Memory

An agent's usefulness depends on what it can remember. Eve gives every agent memory at two different timescales, and Studio's Memory tab shows you which one is active.

Two kinds of memory

Native durable sessions (built in). Every Eve conversation is a durable session. A session is the whole conversation or task: it is long-lived, survives process restarts and redeploys, and can span many messages over days or weeks without losing context. Within a session the agent keeps its full history — turns land in order, tool calls and their results keep their order, and you can read the whole thing back. When a session's context grows large, Eve compacts it: it writes a checkpoint that summarizes earlier history so the conversation can keep going without overflowing the model's context window. This is automatic and needs no configuration.

The boundary matters: durable sessions remember within a conversation. A brand-new session starts fresh. Subagents get their own separate session and context, so nothing crosses that boundary implicitly.

External long-term brain (across sessions). When an agent needs to remember things between sessions — facts, past work, what performed well, standing preferences — it uses an external memory store. Kybernesis's Arcana is the store these template agents use. Arcana is wired in as a connection that exposes memory tools (remember, recall, search) the agent calls during a turn, so memory is something the agent actively writes to and queries, not an ambient buffer. Each agent (and each subagent) can point at its own Arcana workspace, giving it a separate brain.

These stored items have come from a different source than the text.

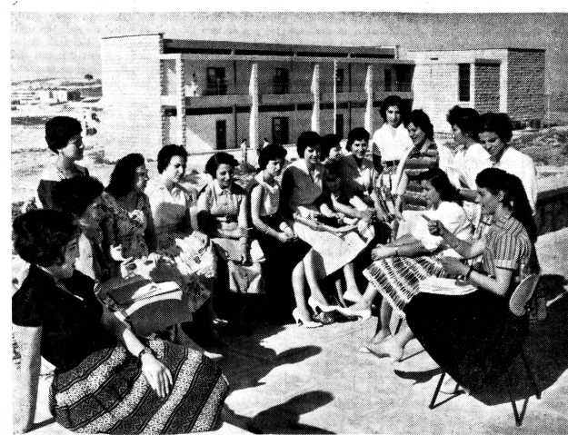
Die Studentinnen des Seminars von Nablus auf Besuch in Ramallah
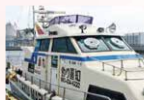
高速船「卓丸」で苅田港から空港までクルージング!

回 4/25 ⊕ 10:00 ~ 12:30 集 苅田港 幸町野積場 費 1,500円 定 20名 (10名以上で実施) 申 実施日の8日前まで
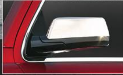
أغطية المرايا الجانبية من الكروم
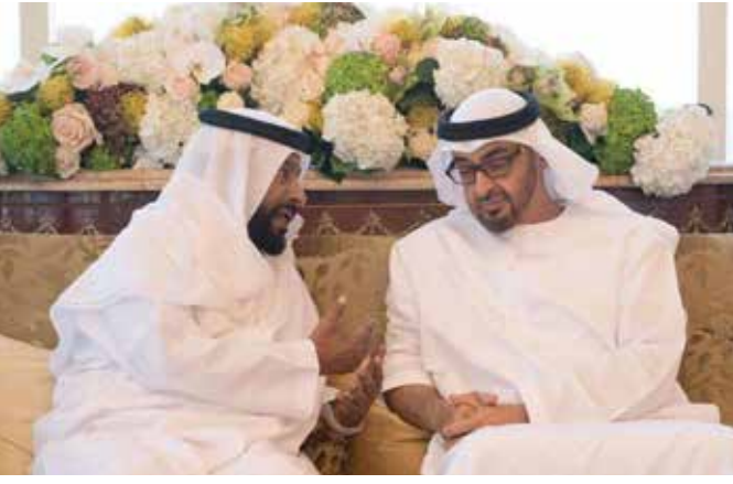
صاحب السمو الشيخ محمد بن زايد والشيخ محمد حمد بن رفاض
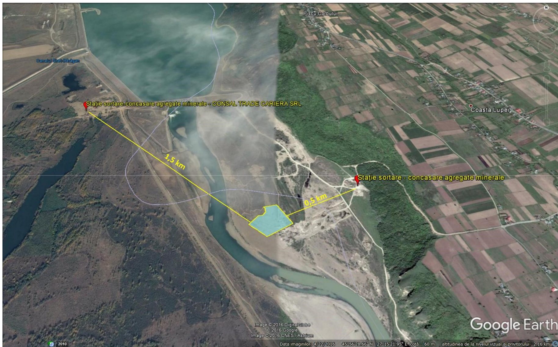
Figura nr. 3. Localizarea perimetrului de exploatare în raport cu stațiile de sortare-concasare agregate minerale din zonă
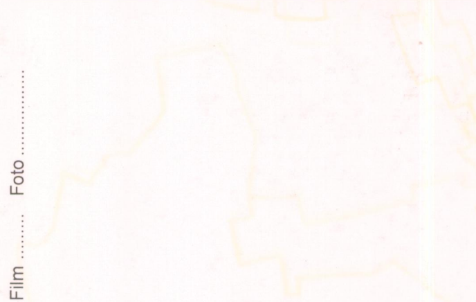
Film ..... Foto .....
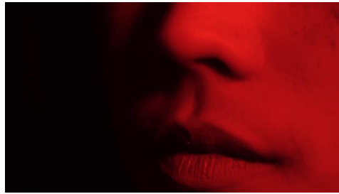
Gambar 8 Cermin

Detail ke bagian tubuh yang dapat meruntuhkan karirnya yaitu bibir, yang dimana filosofi dari pengambilan ini adalah lidah/bibir lebih tajam daripada pisau. Bersamaan juga dengan perilaku wanita ini yang sombong dan angkuh dengan sikapnya.
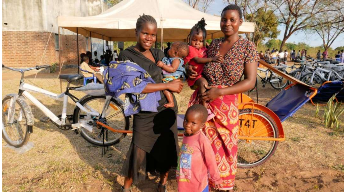
Hele jonge moeders in Mthumba Village Balaka district.
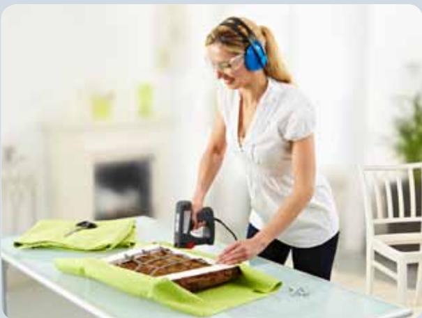
Einfaches Befestigen vom Stoffen beim Polstern.
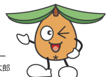
長崎県食育キャラクター びわ太郎

この紙面への掲載の参考とさせていただきますので、県内各地域での食育に関する取り組み、お知らせをお待ちしております。お気軽に情報をお寄せ下さい。
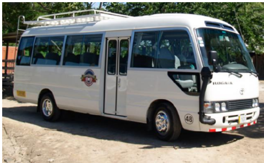
Mirador vista del vano / Vista del vano viewpoint

Transporte privado en microbus / Private transportation
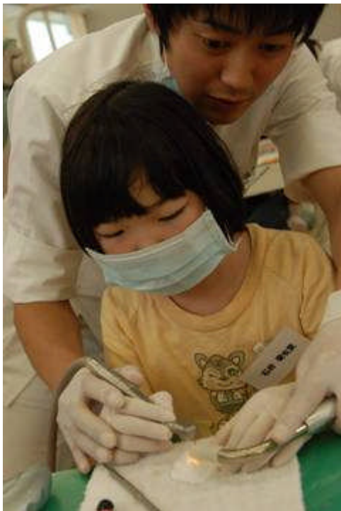
7月4日：夏休み子供歯の保健教室
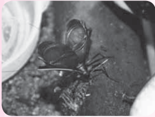
広げた羽をこすり合わせて鳴く

「土は常に少し湿った状態を保ち、餌にカビが生えないように気を付けて」とアドバイスするのは、メンバーの1人で飼育歴40年以上の長
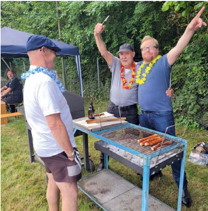
Die „Griller“ des KGV Asseblick hatten trotz der Temperaturen viel Spaß

sammelt hatte, auf den wartete eine kleine Überraschung.
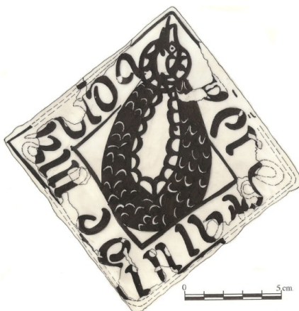
Azulejo con la filacteria Per estalvi de ma vida . Último tercio S. XV.

La modesta pieza en cuestión es un azulejo orientado en losange de 11 cm de lado, decorado con una banda que contiene una filacteria o texto, que corre por los cuatro lados, y un espacio central ocupado por una serpiente estrangulada. Un ejemplar de buena calidad se conserva en el Museo Nacional de Cerámica González Martí, en Valencia, nº de inventario 1-2261.
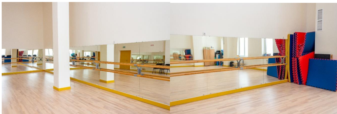
Рис. 7. Хореографический зал
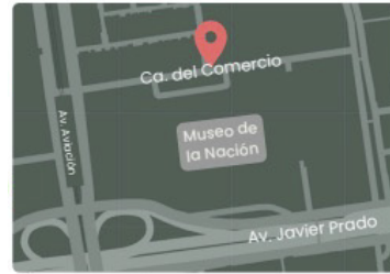
Av. Aviación con Calle del Comercio Al costado de la estación "La Cultura" del tren eléctrico
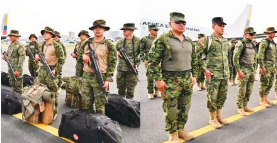
Soldados ecuatorianos montan guardia en la Base Aérea Simón Bolívar antes de ser desplegados en la provincia de Guayas para reforzar las operaciones de seguridad contra grupos criminales.

La medida, añadió el mandatario, es "fruto de meses de trabajo, especialmente con la última reunión en el Pentágono", ocurrida el pasado 15 de junio, junto al
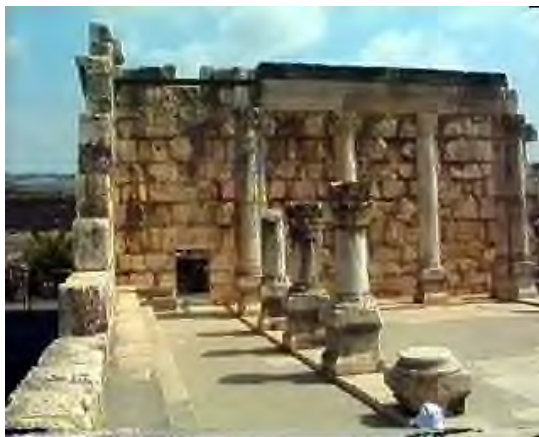
Historische Synagoge Kafarnaüm, Galilea
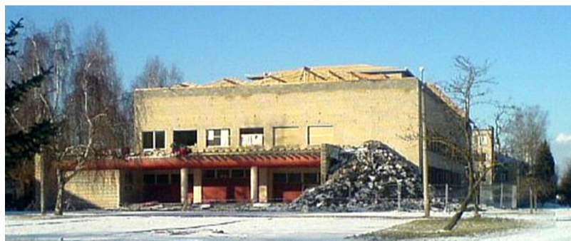
Kultūras centra ēkas rekonstrukcija 2007. gadā

2007. gadā Valsts investīciju programmas projekta ietvaros tika sagatavots kultūras centra tehniskais projekts, lai uzsāktu ēkas rekonstrukcijas 1. kārtu - veiktu jumta remontu. Lai rekonstrukciju pabeigtu, projektā piešķirtie līdzekļi bija nepietiekami, un ēkas atjaunošanas darbi apstājās. Tomēr Līvānu nova-
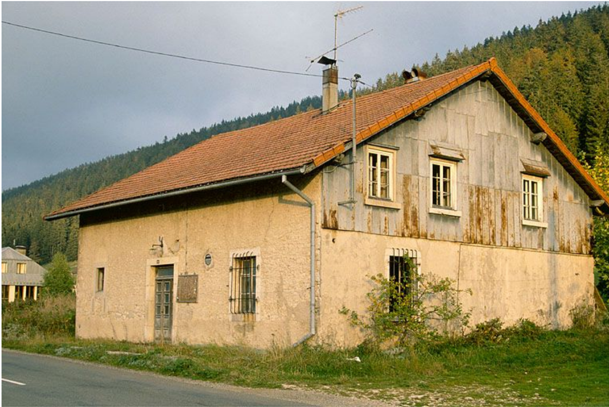
Vue générale de la fromagerie des Landes d'Aval, à Bois-d'Amont.
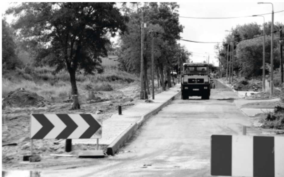
Ulica Lipowa zmienia się nie do poznania.

W tym roku powinna być gotowa dokumentacja na ul. Ogrodową. Przyszły rok to staranie się o dotację na remonty ul. Sienkiewicza i 29 Listopada, co związane jest z poprawą bezpieczeństwa dojazdu do szkół. Gmina myśli również o rozbudowie ścieżek rowerowych np. z Otorowa do ronda przy wiadukcie, czy przez Przyłubie do drogi krajowej, a także łączącej Osiedle Leśne ze Szkołą Podstawową nr 4 oraz centrum miasta z Zespołem Szkół przy ul. Tartacznej.
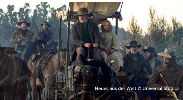
Neues aus der Welt
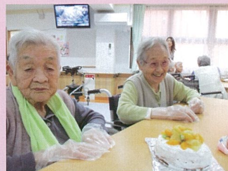
ケーキ作り等のイベントを 行っています！ 老若男女甘味処は人気です♪

The two work together: durable sessions carry the current conversation, and the external brain carries what should outlive it.

The Memory tab

Open an agent and select the Memory top tab. It shows whether the agent is running on Eve's native durable sessions alone, or also has an external long-term brain (Arcana) attached — and, if Arcana is attached, the workspace it points at.

Wiring Arcana in Studio

To attach an external brain, provide three things in the Memory tab:

  • A workspace — the Arcana workspace (brain) this agent reads from and writes to. Different agents or subagents can use different workspaces to keep their memories separate.
  • An env var name — the environment variable the agent's connection reads its key from (for example ARCANA_API_KEY).
  • An API key — the Arcana key that authorizes access to that workspace.

Studio stores the key under the env var name you gave. If the agent is linked to Vercel, the key is also pushed to the project's environment variables, so the deployed agent has it too — not just your local dev server. (Linking is the same Connect to Vercel step the model already needs.)

Under the hood this configures a connection under agent/connections/ that points at Arcana and sends the key; the agent's own tools then surface and query that memory during a turn. Keep the key out of source — it lives as an environment variable, never in code.